Madame Pomfrey shook her head and a familiar expression of frustration came over her face as she told him, "No, not hardly. Among Muggles it is quite rare, since they actually immunize their children. But Wizardkind still doesn't practice much preventive medicine, since we can fix most things with very little trouble at all. So someone will have to get wretchedly sick before we do anything about it."

Draco asked earnestly, "But there is something that you can do about it?"

They stopped in front of the door to Harry's room and Pomfrey smiled briefly, "Yes. There is a potion, rather nasty to make and to take, but it clears up the symptoms in three days. I imagine Mr Potter will be up and scandalizing the school again in no time."

She placed her hand on the doorknob, but kept it there for a moment while she warned him, "One of the potion's side-effects is extreme lassitude, and Mr Potter needs that rest. Don't keep him up for too long." Then she opened the door for him and left, bustling back to the main hall and her daily patients.

Having dithered about all day, Draco didn't hesitate now to face his possible boyfriend again. He slid into the room, closing the door gently behind himself, and walked over to the bed. Harry was dozing there in an uneasy sleep and Draco reached out to push the boy's wild hair off his face. The cool touch roused Harry slightly and he mumbled groggily, "Draco?"

The Slytherin eased his weight onto the bed so as not to disturb the boy and said, "Good morning, Harry. How're you feeling?" He almost always listened to Hermione's advice, inexplicably.

Harry's lips almost curved into a smile, but the muscles gave up before they ever really got there. It took him several seconds to respond, as he began to slowly come out of his potion-induced haze. "I feel... tired. And kind of fuzzy."

Draco had to smile at the boy's description and repeated, "Fuzzy?"

"Yes," Harry said in a childishly stubborn voice, "Fuzzy. Quite so. Also heavy - like my body is not quite listening to me. I'm telling it to sit up and open my eyes and speak clearly, but it's apparently not doing any of these things."

Draco relaxed a bit, in his spot on the side of the bed, and agreed, "No, it definitely is not. Especially not the last."

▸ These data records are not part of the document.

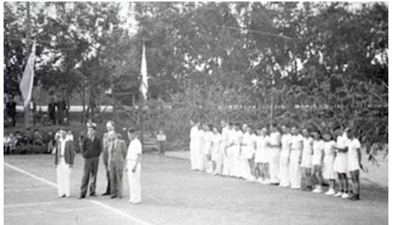
Перший секретар обкому партії та голова облвиконкому І. Туряниця на спортивних заходах. Ужгород, 1947 р. (Фонди ДАЗО)

Широкого поширення набуло соціалістичне змагання серед працівників культури. Уже 21 червня 1946 р. клуб с.
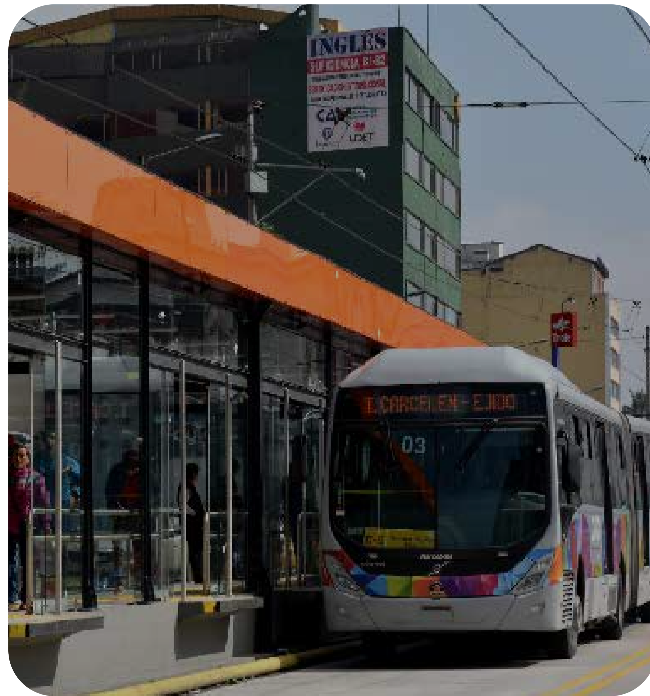
Figura 1. Corredor de trolebuses de Quito.

administrativa y de equipamientos, servicios públicos, comerciales, financieros, y educativos que conlleva a que entre los diferentes centros urbanos y su centralidad ocurran fuerzas que generan gran cantidad de viajes, lo que genera congestión y saturación de la red viaria.
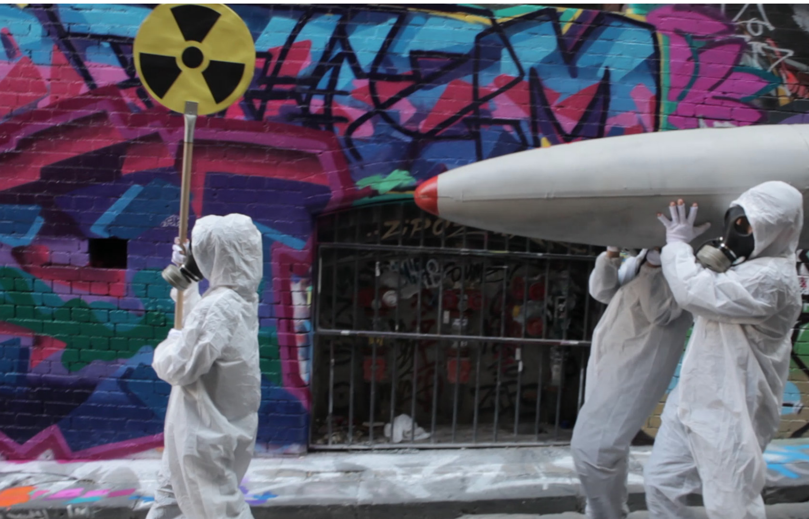
Un'azione antinucleare a Melbourne, Australia.

Oggi è necessaria un'azione ancora più diretta.
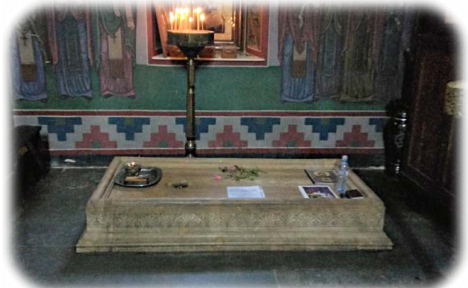
Ἱερὸ Μνήμα τοῦ Ὁσίου Ἀντωνίου.

Α πὸ τὴν Μονὴ ἀντικρίζει κανεὶς τὸν πύργο, ὁ ὁποῖος κτίσθηκε ἐπὶ τοῦ ἐρειπομένου στύλου τοῦ Ὁσίου: μετὰ ἀπὸ μακρὰ ἀσκητικὴ ἀλλὰ καὶ ἱεραποστολικὴ βιοτὴ στὴν κυρίως Μονή, ἡ ὁποία δημιουργήθηκε γύρω ἀπὸ τὸ πρῶτο κατάλυμα τοῦ ὁσίου Ἀσκητοῦ, ἐκεῖνος «ἀπομακρύνθηκε φυγαδεύων», γιὰ νὰ ζήσει τὰ τελευταῖα χρόνια τῆς ζωῆς του ὡς στυλίτης, κατὰ τὴν παράδοσι τῶν Στύλων Στυλιτῶν.
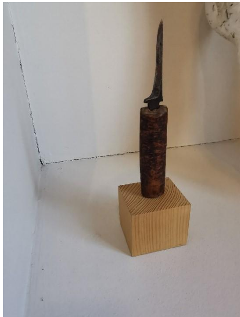
Ill 10: Nils Aas. Kniv/ Arvegods. 2005. Detalj.
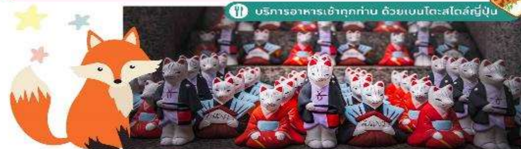
บริการอาหารเข้าทุกท่าน ด้วยเบนโตะสไตล์ญี่ปุ่น

นำท่านเดินทางสู่ ศาลเจ้าเทพเจ้าจักรวาลฟูชิมิอินาริ หรือที่คนไทย ชอบเรียกกันว่าศาลเจ้าแดง เป็นศาลเจ้าชินโต มีชื่อเสียงโด่งดังจาก ประตูโทริอิ (Torii Gate) หรือ เสาสีแดง ที่เรียงตัวกันจำนวนหลายหมื่นต้นจนเป็นทางเดินได้ทั่วทั้งภูเขาอินาริ ที่ผู้คนเชื่อกันว่าเป็นภูเขาศักดิ์สิทธิ์ โดยเทพอินาริจะเป็นตัวแทนของความอุดมสมบูรณ์ การเก็บเกี่ยวข้าว รวมไปถึงพืชผลไร่ต่างๆ และมีจะมีจักรวาลเป็นสัตว์คู่กายจึงสามารถพบเห็นรูปปั้นจักรวาลมากมายด้วยเช่นกัน

Harry's brow furrowed, as if he was struggling to remember the last thing he'd said. Draco wiped the wrinkles away though and said softly, "Don't worry, I'm just insulting you as per usual. It's really far too easy."

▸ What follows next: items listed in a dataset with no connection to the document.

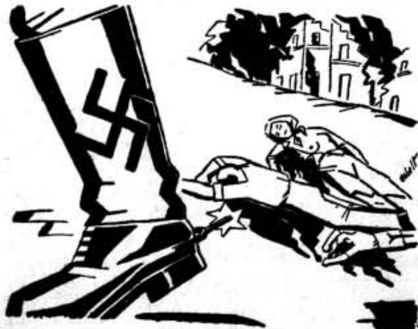
¡HAN PASADO LOS BARREROS!
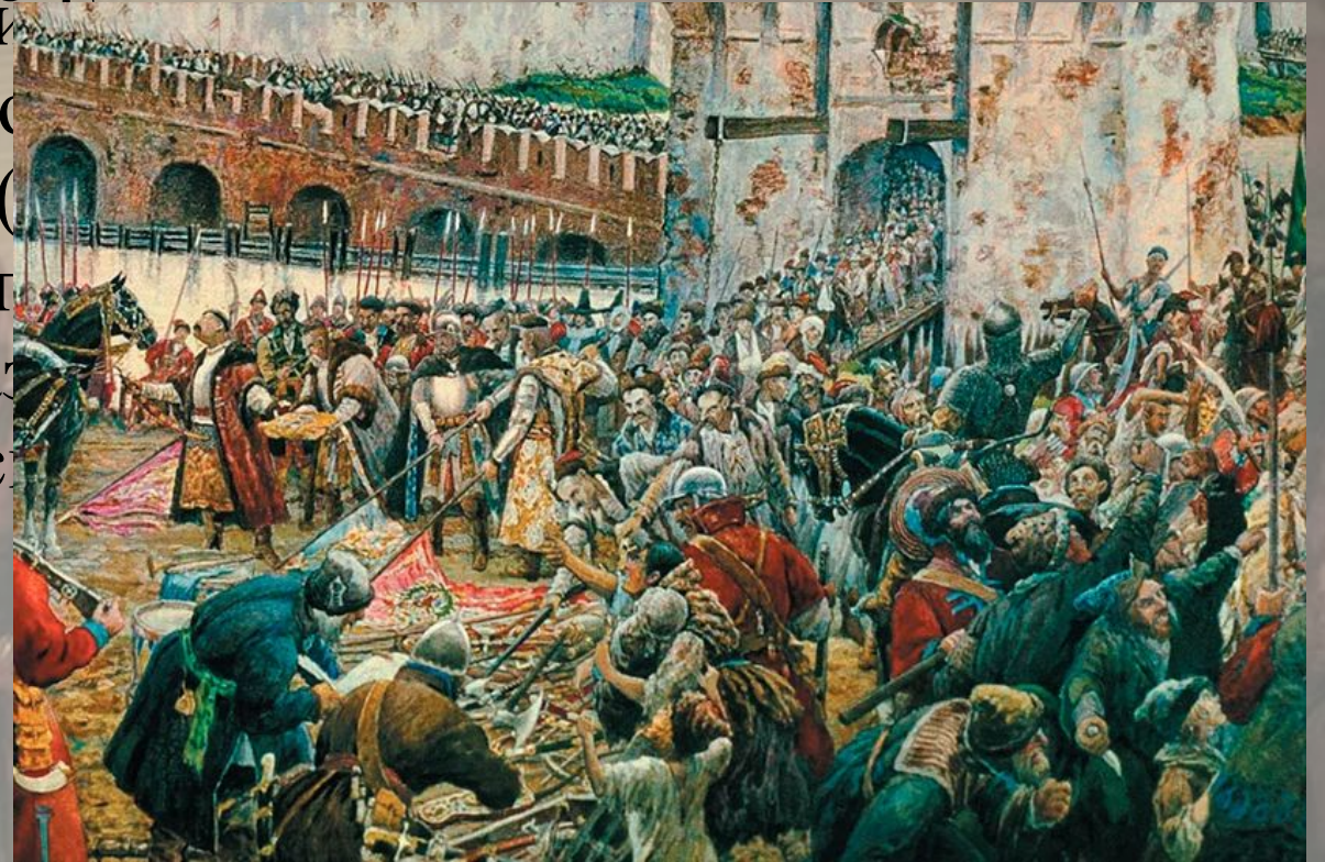
Изгнание поляков из Кремля

После изгнания поляков из Кремля и чтобы не угасала память о чудесном явлении Покрова Пресвятой Богородицы над Отечеством в 1612 г., столь переломным в истории России, было положено ежегодно 22 октября (старый стиль) — день взятия Китай-города и в день казенный — день Казанской Божией Матери. Праздник государственный, церковное, но как церковно-гражданский.
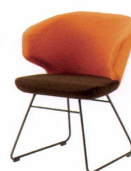
KC-ショール(II) (コンビネーション張)
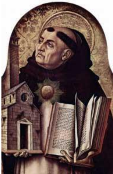
Фома Аквинский (1225-1274)

This time the Gryffindor managed a tired little smile and said softly, "Ha-ha. Funny."

"Harry?" Draco asked suddenly, sinking into the almost hypnotically relaxed atmosphere of the room, "Do you miss flying?"

"Yes."

"Me, too."



HERMIONE STOPPED BY THE HOSPITAL wing after she'd finished her dinner in the Great Hall. She felt a bit bad about not coming to see Harry all day, but she'd been quite caught up in her new 'project.' And she knew he would be fine with Draco there.

She had spoken with Madame Pomfrey, who had told the Head Girl the same things she'd told the Head Boy, and then been waved on toward the side hall. Heeding the Madame's warning that Harry might be asleep, she silently swung the door open. As soon as she stepped into the room, she found that Malfoy had taken her advice to visit, and apparently had never left either. He was laying on one side of Harry's bed, on top of the hospital sheets. Harry lay next to him, both of them deeply unconscious and breathing evenly in the quiet room.

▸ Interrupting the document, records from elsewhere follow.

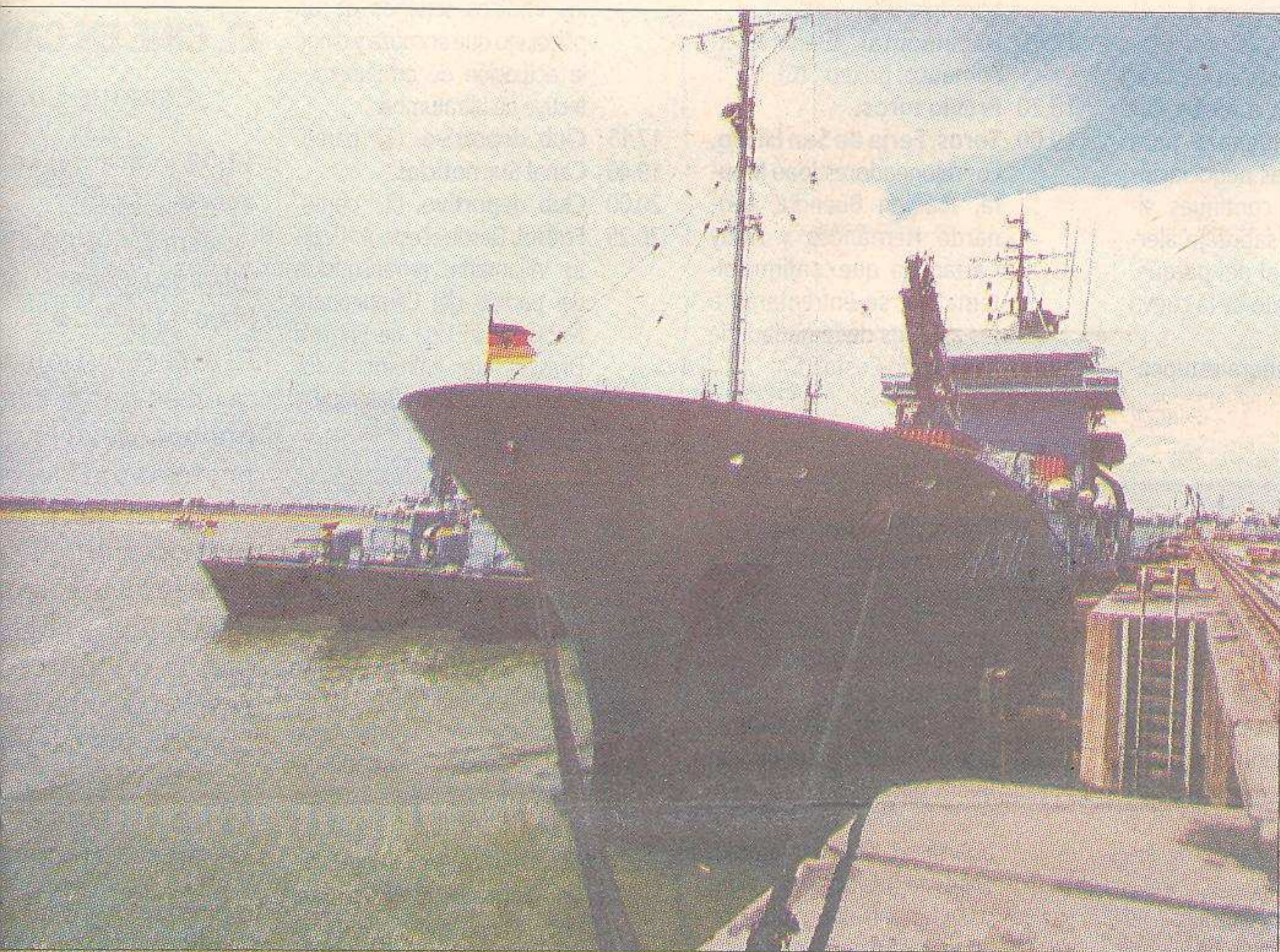
trulleras de la Armada alemana tienen 58 metros de eslora, ocho de manga y tres de calado.

Armada germana permanecerán ancladas durante muelle de los minerales del puerto de Huelva
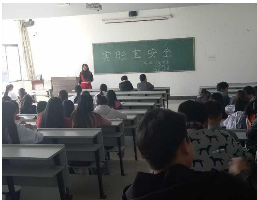
13 化学本、16 药技专班会现场
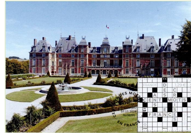
Face ouest du château d'Eu avec ses jardins à la française

ENVELOPPE FDC grand format avec le bloc de un timbre
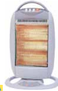
MARCA ESTUFA HALOGENA GIRATORIA 400/800/1200W
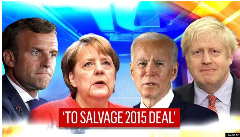
Figura 2. Imagen de los líderes europeos junto al presidente Biden para salvar el acuerdo nuclear. Fuente. “Iran Nuclear Deal: UK, France, Germany, US Diplomats To Hold Talks On JCPOA Revival”, Republicworld.com , 18th February, 2021. Disponible en: https://www.republicworld.com/world-news/rest-of-the-world-news/iran-nuclear-deal-uk-france-germany-us-diplomats-to-hold-talks-on-jcpoa-revival.html (Consultado 25/04/2021).

La nueva orientación estadounidense constituye una gran incertidumbre para Israel, donde se considera que no tiene sentido intentar volver a un acuerdo que ha fallado con la falsa esperanza de un resultado mejor. Para Netanyahu, la única solución es el mantenimiento de una política de intransigencia hacia las armas nucleares, además de compartir con los Estados del Golfo la necesidad del mantenimiento de las sanciones contra los iraníes. Sin embargo, las agendas israelitas y de los países del Golfo no son exactamente iguales. Por su parte, Arabia Saudí atraviesa tiempos convulsos que han debilitado su estatus y teme a una situación de conflicto abierto 35 .
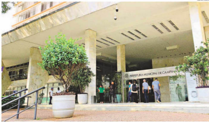
Visita da Prefeitura de Campinas, centro das atenções em meio às pesquisas eleitorais que destacam as tendências e preferências dos eleitores
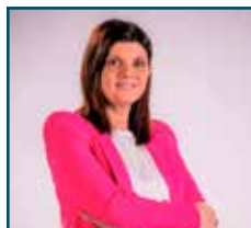
CONCETTA CURIALE Presidente del Consiglio Comunale con delega in Materia di Comunicazione Istituzionale
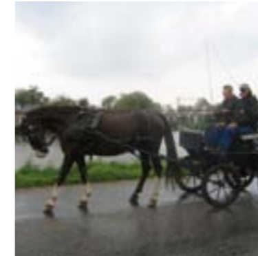
Soms waan je je terug in de tijd.
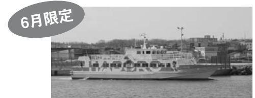
高速船「さんらいなあ2」
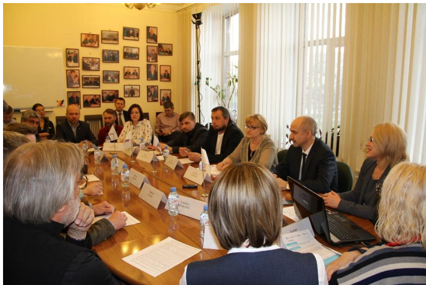
Фото ключевых мероприятий проекта.
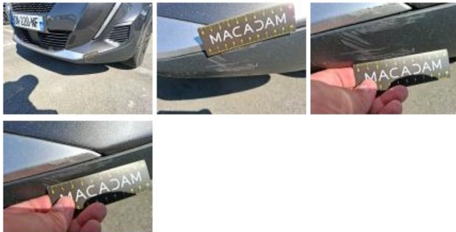
Pare-chocs AV, Griffe(s), Peindre
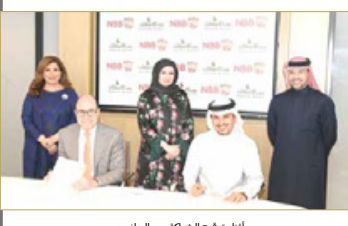
أثناء توقيع الشراكة بين الجانبين

أعلن بنك البحرين الوطني (NBB) عن تعاونه مع بنك الإسكان لتدشين منتج تمويل الرهن العقاري المشترك خلال شهر يناير 2021، إذ سيخدم المستفيدين من خدمات التمويل الإسكاني التابعة لوزارة الإسكان من المواطنين. وتأتي الشراكة بالتوافق مع مساعي بنك البحرين الوطني لدعم توجه المملكة والمبادرة بالمشاركة في برامج وزارة الإسكان الهادفة لتوفير التسهيلات والحلول التمويلية السكنية للمواطنين. (15)

Hermione stepped up to the other side of the room and set her bag down on the floor. She reached out and smoothed Harry's hair down, then looked at Draco. Hesitating for only a moment, she took a hold gently of the boy's glasses and slid them from his sleeping face, quite practised with the move since she had done it for Harry so many times.

She walked around to Draco's side of the bed and set the boy's charmed eyeglasses on the small table that squatted there next to the bed. Then she walked back to the empty side of the bed and without considering her movement for a moment, slid onto the bed herself. It was by no means a large bed, but they were three very small and very close people, and so for that brief time they shared the one bed - with Draco and her both curling protectively and needily around Harry.